In an interview on 09/10/18 at 2:52 p.m., S17IET confirmed she doesn't squirt the water through the cannula of the suction onto a white cloth to be able to see if debris is released from the suction cannula. She indicated she worked 2 years as a chef at the hospital and had been in the SPD for 3 months. When asked how she learned the instruments, she indicated she was first in decontamination and then on this side (sterilization) for a little over a month. She indicated she had training on the instruments with someone who was certified. She further indicated if she's not sure what a particular instrument looked like, she could go Google it by typing the name of the instrument, and a picture of the instrument would appear. When asked by the surveyor what "check integrity" meant when it came upon the computer screen during the assembly, S17IET indicated it meant the needle holders and Adisons had to be checked to see if the instrument worked properly. When asked if she checked them, S17IET said she had not. She further indicated she was supposed to check if scissors were sharp. She indicated she looked, but she didn't cut the paper from the book that was provided for this purpose. She indicated she visually inspected the instruments by opening and visually looking for debris. When told by the surveyor that continuous observation revealed S17IET was not observed to visually inspect each instrument for debris, she offered no comment.


In an interview on 09/10/18 at 3:34 p.m., S16SPM indicated that S17IET's tray would be assessed for quality by an experienced staff member. When asked if the quality assessment would reveal that S17IET had not inspected each instrument and tested scissors for sharpness, he answered, "no." He confirmed the above observations of S17IET assembling the tray were breaches in the process.

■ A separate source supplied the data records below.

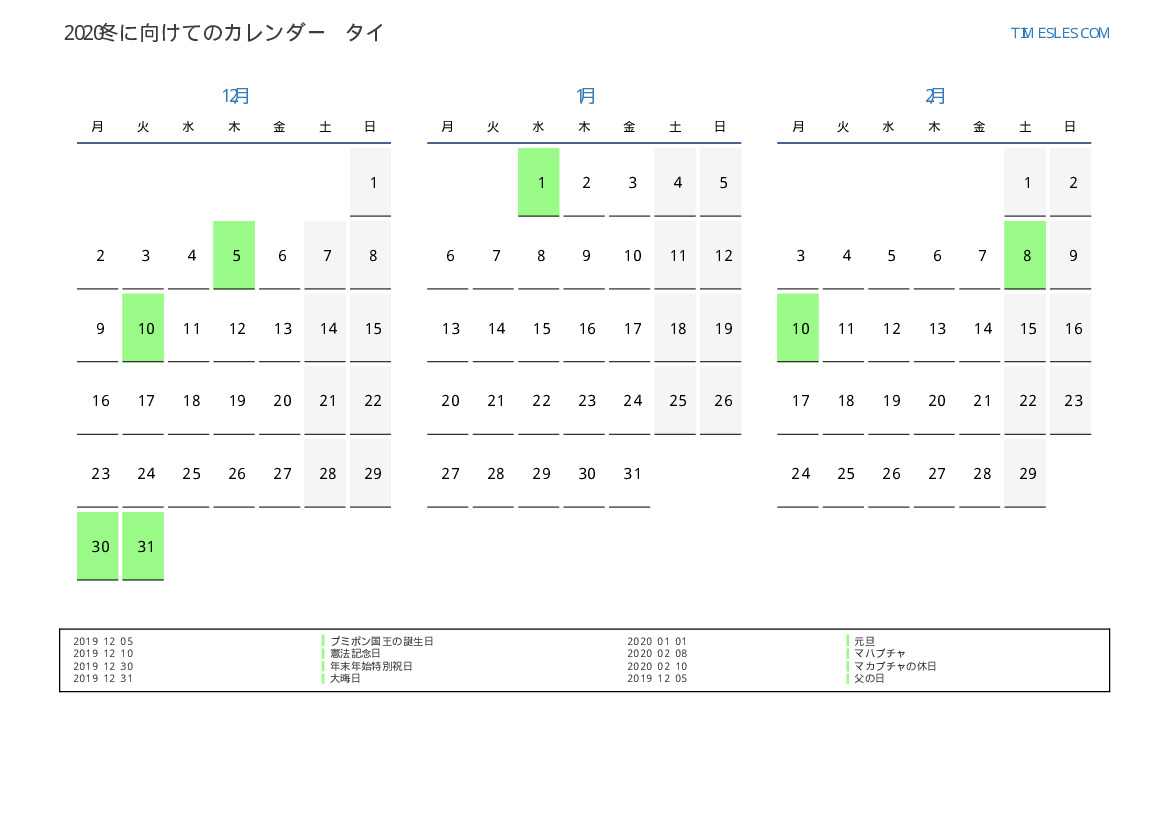 タイ向け2020冬に向けての休日と週末のカレンダー
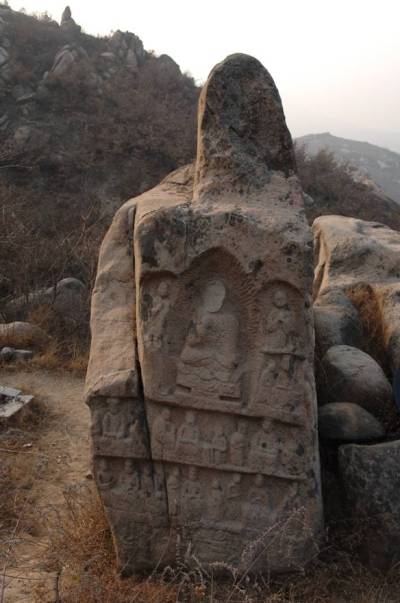 方城佛沟摩崖造像,位于河南省方城县县城东南60公里小史店镇东南8公里姚林村南桐柏山余脉香山之半山腰处。据民国三十三年的《方城县志》记载:“《宋志》载香山在州(方城县城)东南120里,上有香山寺,摩崖造像,大者二尺余,小者尺余,背有千手千眼菩萨,盖仿龙门石窟而为之。”山上原建有香山寺,现已荡然无存。这里是南阳盆地与黄淮平原、伏牛山脉与桐柏山脉的分界线,素以“南襄隘道”著称,向为南北交通要道,也是唐代后期中原佛教南传川渝的必经之路,佛沟摩崖造像,就是这条古道上的重要佛教遗存之一。由于其地处深山,交通不便,故不显于世。1979年,方城县文物管理委员会在对全县文物进行普查时发现此处摩崖造像,遂于1981年《文物资料丛刊》第五期发表刘玉生、马俨鹏所撰《河南方城县发现古襄州摩崖造像》一文①,对该处造像进行了简略介绍。笔者于2008年1月对其进行了实地考查,将有关资料进行整理并对其进行初步研究,于2009年《中原文物》第1期发表《方城佛沟摩崖造像调查与研究》一文。2009年5月29日,中央电视台《百科探秘》播出了以摩崖造像为主题的节目,引起了当地政府的高度重视,遂邀请国内佛教考古界专家对该处摩崖造像进行鉴定,本人有幸随专家组一道,对该处摩崖再次进行考察和论证。就在此次论证不久,方城县文化局的同志在距此处摩崖不远处又发现一处十二臂观音造像,欣喜之余,总感有必要将本次考察收获和专家意见进行整理,对新发现的造像进行公布,以飨读者。
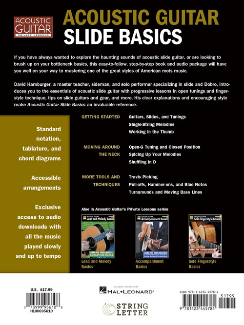 David Hamburger, leading sideman, solo performer and teacher, guides players through this complete introduction to bottleneck slide guitar playing with progressive lessons in open tunings and fingerstyle technique, tips on slide guitars and gear, technical exercises, and full songs. You can access accompanying audio examples online of all of the music played slowly, then up to tempo online. In standard notation with tablature and chord diagrams.
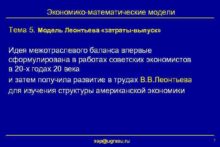 Экономико-математические модели Тема 5 Модель Леонтьева затраты-выпуск Идея

In an interview 09/11/18 at 1:55 p.m., S46LSPDT reported the decontamination and cleaning process is to visually inspect each instrument, looking at any hinged areas, or depressed areas such as those with "teeth" . S46LSPDT verified S14SPT should have performed this step during the cleaning and decontamination process. S46LSPDT reported that S14SPT was still in training, but had been evaluated as competent in the decontamination area of SPD, so she was working independently without supervision.


In an interview on 09/11/18 at 3:15 p.m., S16SPM indicated the tray for Patient R17 was sterilized on 09/10/18 at 9:53 a.m. and was assembled by S25CRCST, a traveler with Company A.

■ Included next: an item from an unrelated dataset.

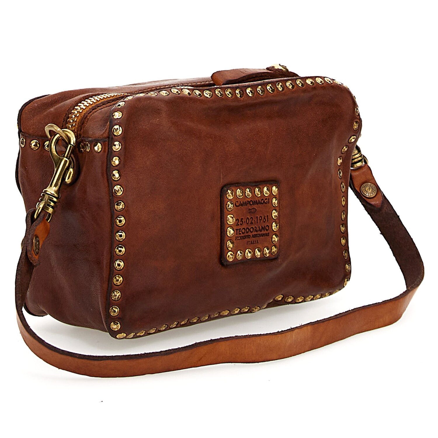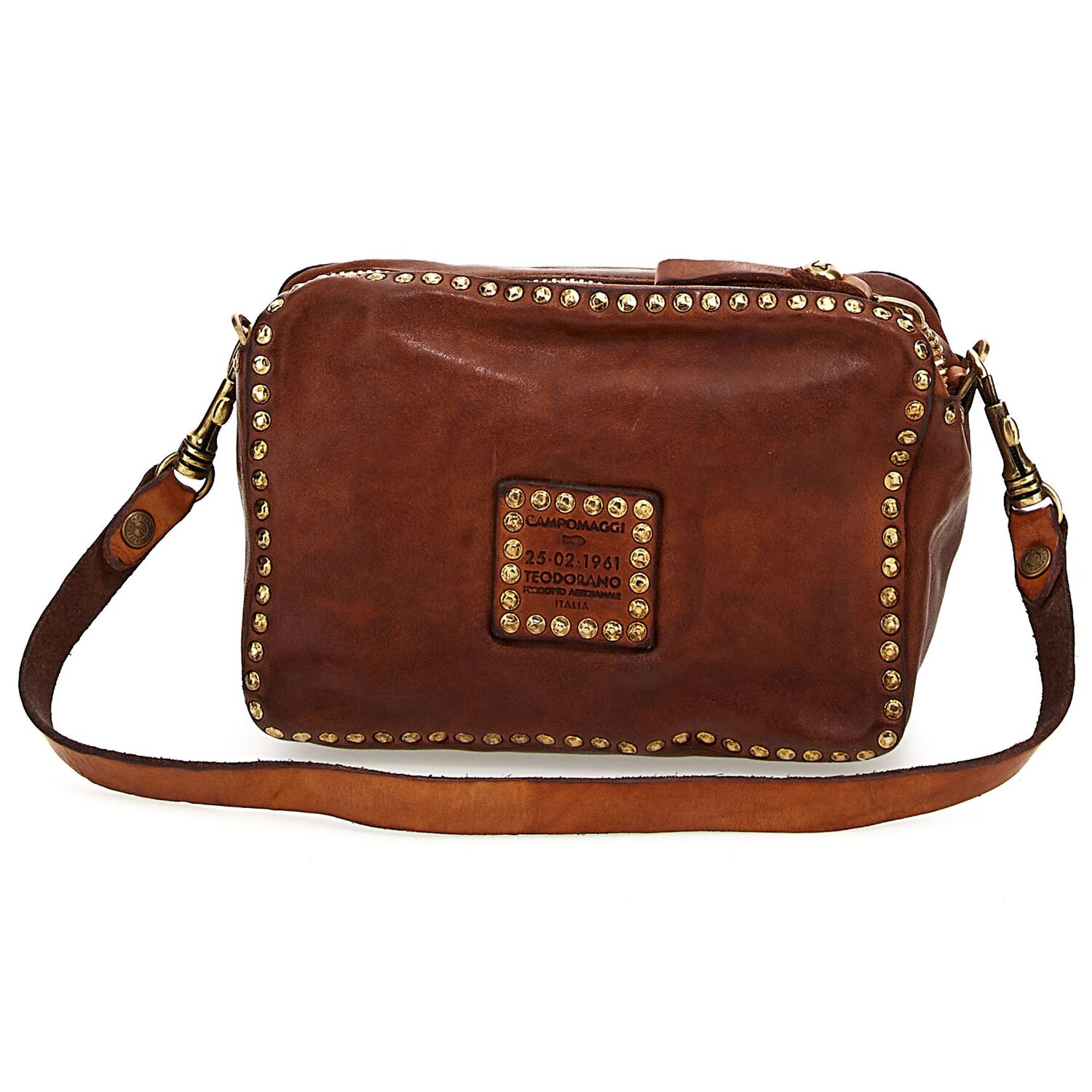 Beautiful, small shoulder bag of the brand Campomaggi made of high quality leather with eye-catching rivets and removable, adjustable shoulder strap. The longer you wear the bag, the more individual it becomes, because the leather gains additional character over time.
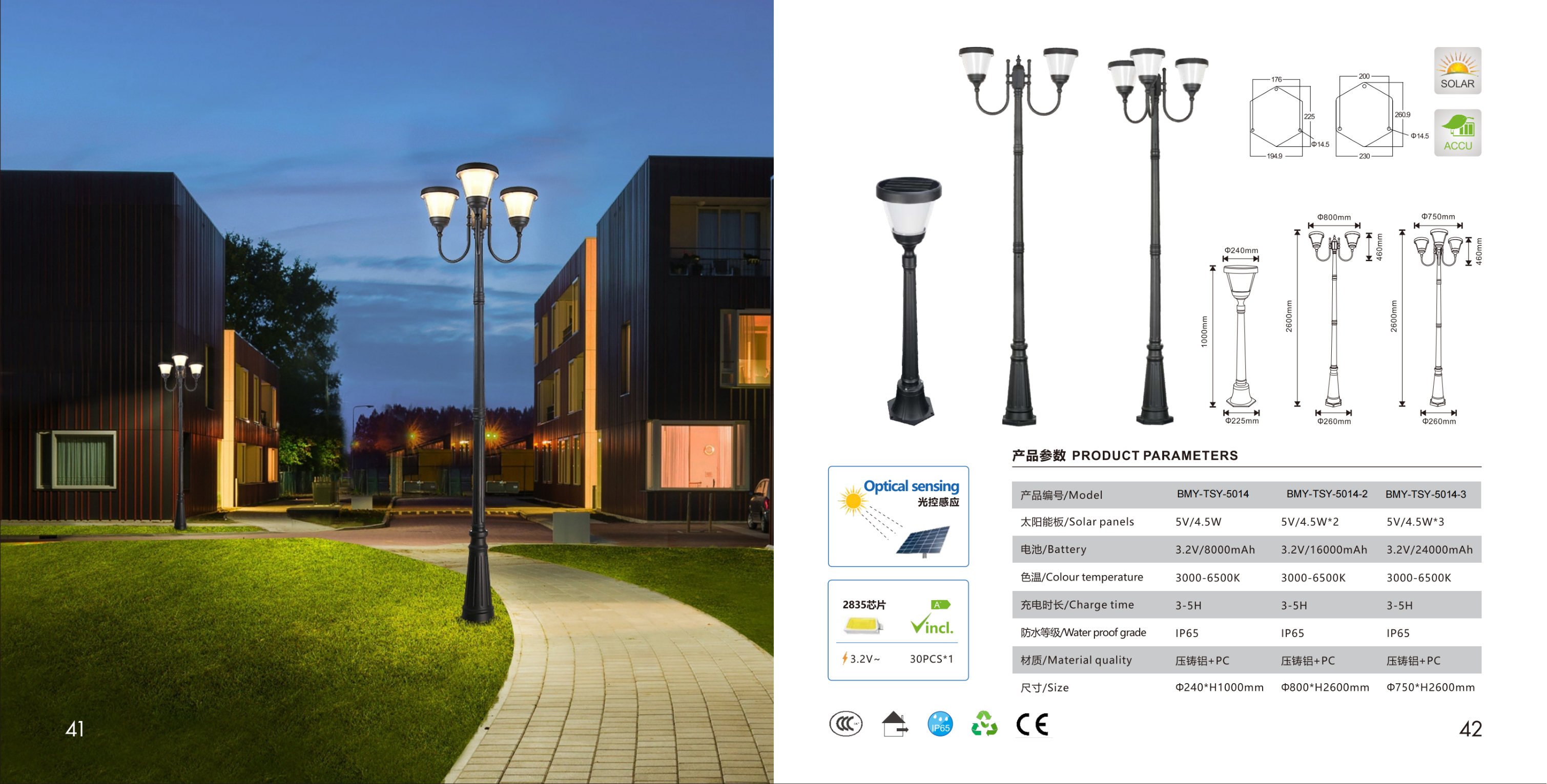 Европейский садовый фонарь с конусным плафоном. 1, 2 или 3 головы на декоративном столбе. Солнечная панель встроена.

In an interview on 09/12/18 at 11:45 a.m., S16SPM indicated the travel staff attend the hospital's orientation, but they don't go through the hospital's SPD-specific training. He further indicated they are precepted in each area by another experienced SPD staff member. S16SPM indicated the competency evaluation is done by the travel company and not by hospital staff. He further indicated almost everyone he's hired for SPD has not had prior experience in SPD. He indicated New Orleans "does not have a plethora of experience." S16SPM indicated training includes the following: they start 4 weeks straight in decontamination; 4 weeks in instrumentation; they go back to decontamination 2 weeks and 2 weeks back in instrumentation; 2 weeks of sterilization. He indicated they're physically doing it with a qualified staff with them, "as side-by-side as possible." S16SPM indicated staff will assemble sets to be assessed for quality to make sure they're clean and such. He confirmed there should have been someone seated with S17IET when she was observed on 09/10/18.

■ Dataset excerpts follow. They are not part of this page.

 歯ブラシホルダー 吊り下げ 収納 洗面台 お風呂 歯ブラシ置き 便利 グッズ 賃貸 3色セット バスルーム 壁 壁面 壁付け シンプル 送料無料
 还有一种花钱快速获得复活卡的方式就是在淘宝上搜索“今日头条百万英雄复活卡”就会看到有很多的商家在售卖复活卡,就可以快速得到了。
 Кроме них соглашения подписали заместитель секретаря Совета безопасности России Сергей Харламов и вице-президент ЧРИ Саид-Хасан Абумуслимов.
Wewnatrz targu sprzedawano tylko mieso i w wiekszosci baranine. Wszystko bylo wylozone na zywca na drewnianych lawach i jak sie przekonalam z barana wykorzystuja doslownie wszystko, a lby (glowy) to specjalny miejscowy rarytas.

In an interview on 09/12/18 at 1:40 p.m., S4SPOD indicated S17IET was checked off by the educator with Company B as a trainee. She further indicated the educator wrote a note that S17IET had problems and needed to be reassessed in 2 weeks on 07/19/18. S4SPOD indicated there was no follow-up of training and a competency evaluation. She indicated S17IET should not have been working unsupervised when she was observed on 09/10/18. She confirmed the SPD traveler from Company A does a self-assessment, and there's no competency evaluation by a qualified hospital staff member.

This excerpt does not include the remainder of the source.